# Musky Up North



## TopRaider15 (Mar 10, 2015)

Spent the last two days up at Lake Vermilion, still have 1 day of fishing left. Had a shot at 5 landed 2 (40,44.5) both top water.


----------



## Roscoe (Jul 22, 2007)

TopRaider15 said:


> Spent the last two days up at Lake Vermilion, still have 1 day of fishing left. Had a shot at 5 landed 2 (40,44.5) both top water.
> View attachment 219783
> View attachment 219785



Nice job! Good looking Muskies. Keep 'em stuck! Good Luck.


Roscoe


----------



## Legend killer (Apr 20, 2011)

Nice job. I know guys that get blanked up there. What are the conditions? Fat bastards?


----------



## TopRaider15 (Mar 10, 2015)

Legend killer said:


> Nice job. I know guys that get blanked up there. What are the conditions? Fat bastards?

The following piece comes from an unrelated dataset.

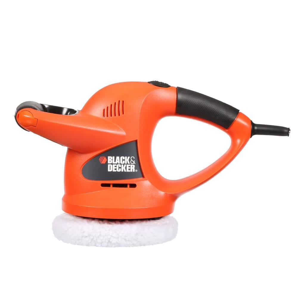 The BLACK DECKER Random Orbit Waxer/Polisher is ideal for buffing your car, truck, boat or motorcycle to a beautiful shine. 2 handles help you hold it steady, polish longer and feel less fatigue. At 4400 orbits per minute, you're ensured a swirl-free finish. Includes a foam applicator bonnet and 2 wool polishing bonnets.. Amperage (A): 0.5 A. Arbor Size: 0. Color Family: Orange. Condition: New. Cord Length (ft.): 10 ft. Corded Tool Type: Polisher. Cordless/Corded: Corded. Maximum Speed (RPM): 4400 RPM. Power Tool Features: Random Orbit. Product Weight (lb.): 3.6875 lb. Random orbit: Yes. Returnable: 90-Day. Switch Type: On/Off. Tools Product Type: Power Tool. Variable Speed: No. Certifications and Listings: CSA Listed. Product Depth (in.): 12 in. Product Height (in.): 8 in. Product Width (in.): 6 in. Cordless/ Corded: Corded. Features: Random Orbit. Cordless/Corded: Corded. Corded Tool Type: Polisher

First fish came at 11 pm low wind and patchy clouds, moon was just peaking over tree tops. 2nd fish came the next morning while some rain was moving in and out, pressure falling fast and winds 7-8 NE. 

We moved some way bigger fish later that day just couldn't get any takers. My buddy is a guide up here and they have stuck 8 since 9/16 so the bite has been unusually hot.


----------